Design and implementation of an embedded speech recognition module-EEWORLD

Collect

Service robots are designed to provide services, so people need a more convenient, natural, and humane way to interact with robots, rather than being satisfied with complex keyboard and button operations. Human-computer interaction based on hearing is an important development direction in this field. The current mainstream speech recognition technology is based on statistical models. However, due to the complexity of the statistical model training algorithm and the large amount of calculation, it is generally completed by industrial computers, PCs, or notebooks, which undoubtedly limits its application. Embedded voice interaction has become a hot topic of research.

　　Compared with the PC speech recognition system, although the embedded speech recognition system has certain limitations in computing speed and memory capacity, it has the advantages of small size, low power consumption, high reliability, low investment, and flexible installation. It is particularly suitable for smart homes, robots, consumer electronics and other fields.

　　1 Module overall solution and architecture

　　The basic principle of speech recognition is shown in Figure 1. Speech recognition consists of two stages: training and recognition. Whether it is training or recognition, the input speech must be preprocessed and feature extracted. The specific work done in the training stage is to obtain feature vector parameters after preprocessing and feature extraction by the user inputting several training speech, and finally to establish a reference model library for the training speech through feature modeling. The main work done in the recognition stage is to compare the feature vector parameters of the input speech with the reference model in the reference model library by similarity measurement, and then output the input feature vector with the highest similarity as the recognition result. In this way, the purpose of speech recognition is finally achieved.

The basic principles of speech recognition

Figure 1 Basic principles of speech recognition

　　Existing speech recognition technologies can be divided into specific person recognition and non-specific person recognition according to the recognition object. Specific person recognition refers to the recognition object being a specific person, while non-specific person recognition refers to the recognition object being the majority of users. Generally, it is necessary to collect the voices of multiple people for recording and training, and after learning, a higher recognition rate can be achieved.

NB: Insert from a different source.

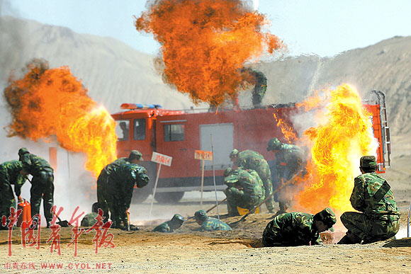 ▲为保证输油管线的安全畅通,管线团的战士们进行管线施工和抢修演练。

　　There are currently two main ways to develop embedded voice interaction systems based on existing technologies: one is to call the voice development package directly in the embedded processor; the other is to expand the voice chip around the embedded processor. The first method has a large amount of program, complex calculations, requires a large amount of processor resources, and a long development cycle; the second method is relatively simple, only needs to focus on the interface part of the voice chip connected to the microprocessor, the structure is simple, easy to build, the calculation burden of the microprocessor is greatly reduced, the reliability is enhanced, and the development cycle is shortened.

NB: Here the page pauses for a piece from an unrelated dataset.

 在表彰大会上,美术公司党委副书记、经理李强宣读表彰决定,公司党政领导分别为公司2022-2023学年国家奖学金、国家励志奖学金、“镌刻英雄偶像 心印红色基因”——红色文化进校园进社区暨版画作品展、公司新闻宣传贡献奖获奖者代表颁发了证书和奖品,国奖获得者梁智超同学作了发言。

　　Speech recognition technology is developing rapidly at home and abroad. At present, the representative products in the field of PC applications in China are: InterReco2.0 of iFlytek, Pattek ASR3.0 of Zhongke Pattern Recognition, jASRv5.5 of Jietong Huasheng; in the field of embedded applications, the representative products are: SPCE061A of Lingyang, LD332X of ICRoute, WS-117 of Shanghai Huazhen Electronics.

　　The speech recognition scheme in this paper is based on an embedded microprocessor as the core, with a non-specific person speech recognition chip and related circuits as the periphery. The speech recognition chip uses the LD33 20 chip from ICRoute.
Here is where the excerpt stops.